Normalmente cristalizadores verticais são dimensionados para 16h de tempo de residência, com ganhos de aproximadamente 5 a 6 pontos na pureza do mel. Cristalizador para a massa B pode até substituir a terceira massa, com a vantagem de apresentar menor consumo de vapor, opera com temperaturas mais baixas, e, portanto, menos inversões/degradações e menor formação de ácidos orgânicos (das reações de inversão/degradação), preservando a qualidade do mel. 

Os cuidados com os controles são fundamentais nesta operação, controle do resfriamento mantendo a supersaturação elevada (próximo 1.2) e no aquecimento final, garantindo supersaturação > 1, para não derreter os cristais formados. Esta é uma opção interessante a ser avaliada para plantas novas ou mesmo as existentes.

Pensando em granulometria, sequenciamento das operações na fábrica, balanço térmico, menor consumo de vapor, vácuo, batelada ou contínuo, qual seria a melhor opção? Outra discussão acalorada. O sistema contínuo traz uma série de vantagens e alguns pontos preocupantes, por exemplo: permite vazões estáveis de processo e utilidades, opera com brix alto de xarope e/ou mel, produz menores quantidades de água de limpeza (água doce), evita aquecimento/resfriamento frequentes do equipamento, permite maior utilização de sangrias – até VG3 (efeito menor da pressão hidrostática, baixa e constante coluna de massa). Mas, em compensação, exige automação obrigatória e mais sofisticada, homogeneidade da massa – regularidade dos cristais? Operação de limpeza bem menos frequente, mas mais complexa e capex mais elevado.
 
Já no sistema batelada, a automação é recomendada, mas não obrigatória, permite maior flexibilidade operacional, com manobras, limpezas, bem como maior flexibilidade para aumentos de capacidade e custo de implantação mais baixo. O sistema contínuo, sem dúvida, é muito interessante e muito bem consolidado para aplicações em massas B e C, já com a existência de algumas iniciativas bem-sucedidas para massa A. Na São Martinho estamos optando por projetar contínuo na massa B, com utilização de VG3 e batelada na massa A, com agitação mecânica e utilização de VG2.
 
Um bom sistema de geração de vácuo também é fundamental para a boa performance da evaporação e dos cozedores. Já temos em uma das nossas unidades um condensador evaporativo instalado, na massa B, com vácuo contínuo, na nossa visão um equipamento muito inteligente e eficiente, mas tínhamos algumas dúvidas quanto à operação desse equipamento em um cozedor batelada, em função das paradas e retomadas, principalmente. 

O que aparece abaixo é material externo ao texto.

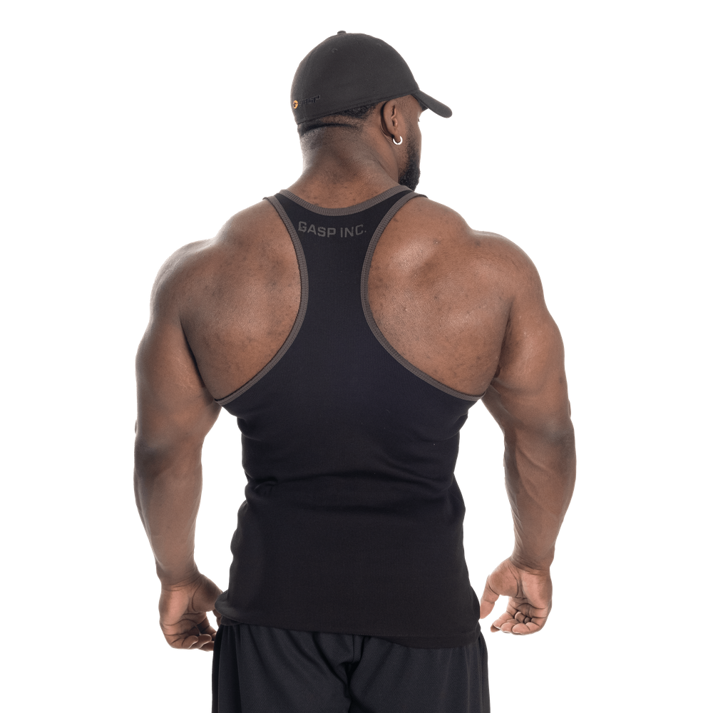The Ribbed T-back is designed with a tighter fit for those who wants something lighter to train in that is not oversized. It’s made out of our popular cotton and lycra rib which allows it to keep its shape through grueling workouts and endless washing cycles. Equipped with a bold GASP print across the chest, a small GASP print in the neck and a tighter fit this tank is designed to the dedicated bodybuilder.

Fizemos algumas visitas, estudamos e verificamos que, com alguns critérios no dimensionamento da bomba de vácuo (parte do sistema), o condensador evaporativo nos dá a segurança necessária na operação. Comparando com sistemas convencionais como multijato, condensador com bomba de vácuo ou hidroejetor, com aspersor ou torre para resfriamento da água, o sistema evaporativo traz muitas vantagens, como operação mais simples, menos manutenção, menor consumo de EE, redução de insumos no tratamento da água e layout, opção muito favorável, principalmente para uma planta nova, comparando todo o sistema.
 
O condensador evaporativo elimina a necessidade da torre ou spray, todo circuito de água e bombas enormes, estamos optando por instalar essa tecnologia em todas as operações, evaporação e cozimentos, da granagem à massa A.

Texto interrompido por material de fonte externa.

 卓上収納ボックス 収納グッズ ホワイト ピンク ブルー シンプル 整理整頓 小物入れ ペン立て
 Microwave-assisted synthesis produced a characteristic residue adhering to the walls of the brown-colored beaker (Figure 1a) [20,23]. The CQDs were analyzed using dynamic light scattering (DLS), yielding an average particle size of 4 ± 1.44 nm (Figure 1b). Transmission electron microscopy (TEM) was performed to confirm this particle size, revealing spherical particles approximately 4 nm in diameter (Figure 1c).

Para finalizar, em projetos de melhoria ou na concepção de uma nova planta, as tecnologias hoje disponíveis têm de ser consideradas. Citamos algumas que estamos estudando em nosso projeto:
• Automação e operação remota dos equipamentos;
• Automação do sequenciamento das operações da fábrica de açúcar – “diagrama de ocupação” dos cozedores;
• Autonomia no tempo de lavagem das centrífugas, com leitura da cor do açúcar online;
• Monitoramento online da granulometria dos cristais nas massas;
• Controle da temperatura do açúcar seco, resfriamento final através de trocador de calor a placas e água gelada como fonte fria.

Longe de esgotar o assunto, em uma outra oportunidade voltaremos a abordar outros aspectos relacionados a este tema, vasto e apaixonante no processo de fabricação de açúcar.